> [REQUIREMENT]: Your answer must be the lines of the entries below, exactly as written, from the first line through the line containing "501 Proto series".

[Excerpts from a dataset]
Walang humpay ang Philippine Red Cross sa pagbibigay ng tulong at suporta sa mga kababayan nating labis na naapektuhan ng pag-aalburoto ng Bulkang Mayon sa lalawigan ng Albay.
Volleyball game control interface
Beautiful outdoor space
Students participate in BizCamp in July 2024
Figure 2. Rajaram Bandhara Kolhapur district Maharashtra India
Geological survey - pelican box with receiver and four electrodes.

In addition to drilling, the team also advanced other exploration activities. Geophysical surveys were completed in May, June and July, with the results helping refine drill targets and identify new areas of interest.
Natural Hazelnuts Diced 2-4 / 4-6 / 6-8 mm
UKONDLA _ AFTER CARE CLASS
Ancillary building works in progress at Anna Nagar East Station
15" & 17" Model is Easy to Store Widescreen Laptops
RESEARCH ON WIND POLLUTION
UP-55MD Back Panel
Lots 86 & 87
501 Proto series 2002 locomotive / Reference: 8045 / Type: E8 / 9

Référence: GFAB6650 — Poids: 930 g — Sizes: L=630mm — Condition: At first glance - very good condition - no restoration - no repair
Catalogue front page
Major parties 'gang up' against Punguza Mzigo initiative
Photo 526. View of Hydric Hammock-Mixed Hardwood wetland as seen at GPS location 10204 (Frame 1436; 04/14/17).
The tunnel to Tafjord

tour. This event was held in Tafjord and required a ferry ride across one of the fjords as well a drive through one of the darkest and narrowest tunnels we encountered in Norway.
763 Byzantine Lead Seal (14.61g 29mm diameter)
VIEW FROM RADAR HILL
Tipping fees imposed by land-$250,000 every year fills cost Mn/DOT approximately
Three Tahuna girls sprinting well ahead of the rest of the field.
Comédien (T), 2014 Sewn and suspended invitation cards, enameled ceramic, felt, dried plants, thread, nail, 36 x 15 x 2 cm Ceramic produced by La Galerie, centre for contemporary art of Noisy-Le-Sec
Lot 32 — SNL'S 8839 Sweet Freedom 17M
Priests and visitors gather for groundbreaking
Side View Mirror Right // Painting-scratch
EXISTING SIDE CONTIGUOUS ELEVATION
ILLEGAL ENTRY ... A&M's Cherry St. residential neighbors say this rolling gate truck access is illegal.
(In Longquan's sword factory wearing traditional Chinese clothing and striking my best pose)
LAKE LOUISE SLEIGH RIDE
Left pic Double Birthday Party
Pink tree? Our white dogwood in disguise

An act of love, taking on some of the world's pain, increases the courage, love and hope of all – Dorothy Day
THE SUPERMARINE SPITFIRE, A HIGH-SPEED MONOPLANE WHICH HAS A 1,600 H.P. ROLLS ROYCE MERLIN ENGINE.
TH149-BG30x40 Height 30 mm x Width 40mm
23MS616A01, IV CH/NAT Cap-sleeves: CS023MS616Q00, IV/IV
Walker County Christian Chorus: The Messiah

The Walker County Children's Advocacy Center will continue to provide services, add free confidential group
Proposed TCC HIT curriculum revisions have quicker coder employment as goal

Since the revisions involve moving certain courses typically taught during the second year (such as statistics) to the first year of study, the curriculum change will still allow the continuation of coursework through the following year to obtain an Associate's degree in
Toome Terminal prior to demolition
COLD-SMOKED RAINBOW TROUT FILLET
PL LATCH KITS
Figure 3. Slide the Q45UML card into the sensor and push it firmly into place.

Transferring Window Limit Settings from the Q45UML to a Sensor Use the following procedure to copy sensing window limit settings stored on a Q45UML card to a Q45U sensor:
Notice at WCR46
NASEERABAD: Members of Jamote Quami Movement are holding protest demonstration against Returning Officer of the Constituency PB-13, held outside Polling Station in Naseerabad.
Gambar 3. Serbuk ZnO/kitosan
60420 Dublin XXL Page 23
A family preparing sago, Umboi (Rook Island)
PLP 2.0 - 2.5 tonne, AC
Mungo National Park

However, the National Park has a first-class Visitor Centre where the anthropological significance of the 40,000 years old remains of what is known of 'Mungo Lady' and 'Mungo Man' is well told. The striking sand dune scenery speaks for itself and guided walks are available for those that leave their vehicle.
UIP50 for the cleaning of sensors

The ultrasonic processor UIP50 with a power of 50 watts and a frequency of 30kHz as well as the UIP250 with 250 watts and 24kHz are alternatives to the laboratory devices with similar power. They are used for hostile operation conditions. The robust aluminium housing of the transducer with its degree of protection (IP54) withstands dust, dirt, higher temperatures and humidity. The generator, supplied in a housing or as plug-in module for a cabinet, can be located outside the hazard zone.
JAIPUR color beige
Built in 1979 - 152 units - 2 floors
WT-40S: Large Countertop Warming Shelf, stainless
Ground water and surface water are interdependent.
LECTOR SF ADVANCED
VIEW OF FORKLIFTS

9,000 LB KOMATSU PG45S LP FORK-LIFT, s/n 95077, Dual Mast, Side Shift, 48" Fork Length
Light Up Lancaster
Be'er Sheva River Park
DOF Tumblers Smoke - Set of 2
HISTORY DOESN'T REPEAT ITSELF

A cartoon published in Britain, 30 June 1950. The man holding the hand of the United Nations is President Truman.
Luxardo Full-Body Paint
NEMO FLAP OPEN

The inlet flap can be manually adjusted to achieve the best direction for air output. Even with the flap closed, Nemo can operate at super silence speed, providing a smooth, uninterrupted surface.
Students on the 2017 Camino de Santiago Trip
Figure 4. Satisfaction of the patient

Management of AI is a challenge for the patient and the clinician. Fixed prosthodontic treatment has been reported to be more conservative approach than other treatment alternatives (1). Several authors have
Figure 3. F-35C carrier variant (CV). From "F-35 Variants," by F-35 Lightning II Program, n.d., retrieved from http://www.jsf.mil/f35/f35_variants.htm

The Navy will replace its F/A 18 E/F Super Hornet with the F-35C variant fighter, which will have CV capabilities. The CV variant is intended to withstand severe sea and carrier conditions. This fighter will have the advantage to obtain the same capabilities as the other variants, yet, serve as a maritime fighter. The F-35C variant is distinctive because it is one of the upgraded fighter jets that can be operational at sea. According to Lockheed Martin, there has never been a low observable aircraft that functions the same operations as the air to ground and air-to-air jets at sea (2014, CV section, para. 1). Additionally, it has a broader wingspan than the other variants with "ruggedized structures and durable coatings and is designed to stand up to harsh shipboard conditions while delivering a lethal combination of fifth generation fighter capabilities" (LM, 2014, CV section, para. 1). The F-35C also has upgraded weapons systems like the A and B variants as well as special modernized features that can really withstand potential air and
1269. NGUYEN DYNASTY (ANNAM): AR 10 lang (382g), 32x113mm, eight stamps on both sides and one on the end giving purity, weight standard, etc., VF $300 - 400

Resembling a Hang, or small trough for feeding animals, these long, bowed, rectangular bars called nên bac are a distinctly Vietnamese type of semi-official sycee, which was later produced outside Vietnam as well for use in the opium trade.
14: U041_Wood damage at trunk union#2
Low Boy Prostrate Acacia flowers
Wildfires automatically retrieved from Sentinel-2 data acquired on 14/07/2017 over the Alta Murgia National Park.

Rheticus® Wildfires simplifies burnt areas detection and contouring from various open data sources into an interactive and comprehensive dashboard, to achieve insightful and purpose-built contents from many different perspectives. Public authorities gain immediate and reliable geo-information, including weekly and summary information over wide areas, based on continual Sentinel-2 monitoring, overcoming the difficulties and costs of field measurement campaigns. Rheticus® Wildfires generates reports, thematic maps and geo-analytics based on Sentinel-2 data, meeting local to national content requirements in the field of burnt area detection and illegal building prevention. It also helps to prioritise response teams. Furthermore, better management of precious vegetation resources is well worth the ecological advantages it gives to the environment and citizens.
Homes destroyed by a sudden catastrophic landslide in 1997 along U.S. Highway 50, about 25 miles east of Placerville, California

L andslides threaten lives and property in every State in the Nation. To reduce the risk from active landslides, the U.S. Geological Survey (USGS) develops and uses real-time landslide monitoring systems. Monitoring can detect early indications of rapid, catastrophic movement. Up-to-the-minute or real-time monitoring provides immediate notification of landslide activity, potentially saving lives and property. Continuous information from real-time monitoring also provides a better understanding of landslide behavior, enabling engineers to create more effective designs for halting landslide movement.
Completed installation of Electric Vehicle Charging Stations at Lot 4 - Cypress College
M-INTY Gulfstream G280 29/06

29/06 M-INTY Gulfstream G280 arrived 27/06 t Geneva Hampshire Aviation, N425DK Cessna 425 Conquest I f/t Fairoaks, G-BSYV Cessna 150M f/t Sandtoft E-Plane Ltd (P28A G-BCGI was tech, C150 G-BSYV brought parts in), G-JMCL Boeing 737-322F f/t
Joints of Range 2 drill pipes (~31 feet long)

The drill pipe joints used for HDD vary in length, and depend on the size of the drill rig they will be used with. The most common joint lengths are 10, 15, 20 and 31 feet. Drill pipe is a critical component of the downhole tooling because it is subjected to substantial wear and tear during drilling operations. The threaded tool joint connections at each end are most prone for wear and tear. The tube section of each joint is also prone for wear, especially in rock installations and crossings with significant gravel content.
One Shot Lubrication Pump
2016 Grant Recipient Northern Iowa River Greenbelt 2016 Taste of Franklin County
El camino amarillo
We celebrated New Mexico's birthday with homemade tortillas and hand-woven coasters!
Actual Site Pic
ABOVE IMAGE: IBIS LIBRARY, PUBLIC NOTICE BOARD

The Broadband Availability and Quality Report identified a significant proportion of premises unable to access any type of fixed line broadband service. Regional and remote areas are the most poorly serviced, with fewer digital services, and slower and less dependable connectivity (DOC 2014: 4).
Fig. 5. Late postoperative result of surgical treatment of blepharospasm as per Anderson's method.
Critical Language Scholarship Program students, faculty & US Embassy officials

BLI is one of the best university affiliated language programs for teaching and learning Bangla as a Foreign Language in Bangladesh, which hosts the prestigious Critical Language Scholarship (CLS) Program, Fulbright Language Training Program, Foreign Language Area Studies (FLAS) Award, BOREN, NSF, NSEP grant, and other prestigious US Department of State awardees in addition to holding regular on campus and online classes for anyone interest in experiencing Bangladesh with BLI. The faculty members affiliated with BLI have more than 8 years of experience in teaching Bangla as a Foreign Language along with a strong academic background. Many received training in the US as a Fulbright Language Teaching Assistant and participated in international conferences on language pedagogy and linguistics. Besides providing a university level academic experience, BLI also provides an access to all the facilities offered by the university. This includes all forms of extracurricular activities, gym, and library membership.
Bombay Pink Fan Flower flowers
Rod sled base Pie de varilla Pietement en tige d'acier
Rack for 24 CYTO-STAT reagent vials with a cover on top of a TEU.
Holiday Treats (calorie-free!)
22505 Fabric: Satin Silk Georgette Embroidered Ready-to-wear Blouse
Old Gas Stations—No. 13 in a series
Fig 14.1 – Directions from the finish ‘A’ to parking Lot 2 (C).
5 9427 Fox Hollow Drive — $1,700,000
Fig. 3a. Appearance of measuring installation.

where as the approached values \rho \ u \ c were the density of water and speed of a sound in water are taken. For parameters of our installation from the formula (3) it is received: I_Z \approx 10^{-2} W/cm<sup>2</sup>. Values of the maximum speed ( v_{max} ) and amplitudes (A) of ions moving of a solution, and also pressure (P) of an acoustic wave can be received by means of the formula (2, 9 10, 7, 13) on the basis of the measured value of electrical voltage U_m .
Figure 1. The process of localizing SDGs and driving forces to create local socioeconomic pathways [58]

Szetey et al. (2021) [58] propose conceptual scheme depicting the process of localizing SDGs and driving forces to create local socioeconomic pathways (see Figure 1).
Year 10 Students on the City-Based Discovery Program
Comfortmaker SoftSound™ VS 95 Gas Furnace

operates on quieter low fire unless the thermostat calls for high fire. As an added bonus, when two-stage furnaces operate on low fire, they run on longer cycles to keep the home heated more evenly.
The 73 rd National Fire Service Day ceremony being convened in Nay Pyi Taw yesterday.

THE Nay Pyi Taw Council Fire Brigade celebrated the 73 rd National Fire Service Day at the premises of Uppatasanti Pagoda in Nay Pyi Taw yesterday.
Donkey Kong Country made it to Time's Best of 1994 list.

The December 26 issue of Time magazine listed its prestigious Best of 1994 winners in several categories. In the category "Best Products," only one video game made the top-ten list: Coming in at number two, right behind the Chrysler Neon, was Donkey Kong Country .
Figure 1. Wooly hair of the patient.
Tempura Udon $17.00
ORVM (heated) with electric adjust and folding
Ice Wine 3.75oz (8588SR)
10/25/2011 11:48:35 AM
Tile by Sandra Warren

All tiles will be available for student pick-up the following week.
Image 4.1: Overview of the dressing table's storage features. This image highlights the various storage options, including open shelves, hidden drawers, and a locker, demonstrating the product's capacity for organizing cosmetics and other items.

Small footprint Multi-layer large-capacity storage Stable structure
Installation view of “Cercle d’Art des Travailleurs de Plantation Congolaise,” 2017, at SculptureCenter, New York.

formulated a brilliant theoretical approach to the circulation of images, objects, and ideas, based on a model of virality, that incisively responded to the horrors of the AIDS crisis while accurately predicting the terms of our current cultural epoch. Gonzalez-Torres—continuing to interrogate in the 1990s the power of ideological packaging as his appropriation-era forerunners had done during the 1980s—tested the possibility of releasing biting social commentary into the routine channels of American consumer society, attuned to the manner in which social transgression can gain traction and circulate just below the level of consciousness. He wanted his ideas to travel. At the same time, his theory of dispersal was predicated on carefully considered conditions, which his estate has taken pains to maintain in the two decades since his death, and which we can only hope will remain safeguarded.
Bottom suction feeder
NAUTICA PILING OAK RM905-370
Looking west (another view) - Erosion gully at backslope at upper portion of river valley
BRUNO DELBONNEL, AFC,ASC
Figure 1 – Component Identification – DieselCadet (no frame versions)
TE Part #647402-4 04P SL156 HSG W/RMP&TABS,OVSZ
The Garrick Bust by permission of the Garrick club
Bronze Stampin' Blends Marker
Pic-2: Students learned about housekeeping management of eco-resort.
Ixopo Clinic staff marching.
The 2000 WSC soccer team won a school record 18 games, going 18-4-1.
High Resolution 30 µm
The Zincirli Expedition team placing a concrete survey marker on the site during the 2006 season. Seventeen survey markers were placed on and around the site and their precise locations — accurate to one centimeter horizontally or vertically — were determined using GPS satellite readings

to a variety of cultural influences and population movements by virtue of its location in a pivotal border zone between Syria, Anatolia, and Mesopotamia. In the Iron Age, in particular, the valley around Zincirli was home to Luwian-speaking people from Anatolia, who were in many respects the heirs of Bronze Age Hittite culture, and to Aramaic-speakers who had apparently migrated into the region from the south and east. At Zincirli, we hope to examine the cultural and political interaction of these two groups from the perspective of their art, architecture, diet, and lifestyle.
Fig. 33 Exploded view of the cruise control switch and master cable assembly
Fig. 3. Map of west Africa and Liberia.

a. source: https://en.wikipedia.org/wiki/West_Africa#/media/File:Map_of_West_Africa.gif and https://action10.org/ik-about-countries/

> [ANSWER TO THIS PROBLEM]:
Walang humpay ang Philippine Red Cross sa pagbibigay ng tulong at suporta sa mga kababayan nating labis na naapektuhan ng pag-aalburoto ng Bulkang Mayon sa lalawigan ng Albay.
Volleyball game control interface
Beautiful outdoor space
Students participate in BizCamp in July 2024
Figure 2. Rajaram Bandhara Kolhapur district Maharashtra India
Geological survey - pelican box with receiver and four electrodes.

In addition to drilling, the team also advanced other exploration activities. Geophysical surveys were completed in May, June and July, with the results helping refine drill targets and identify new areas of interest.
Natural Hazelnuts Diced 2-4 / 4-6 / 6-8 mm
UKONDLA _ AFTER CARE CLASS
Ancillary building works in progress at Anna Nagar East Station
15" & 17" Model is Easy to Store Widescreen Laptops
RESEARCH ON WIND POLLUTION
UP-55MD Back Panel
Lots 86 & 87
501 Proto series 2002 locomotive / Reference: 8045 / Type: E8 / 9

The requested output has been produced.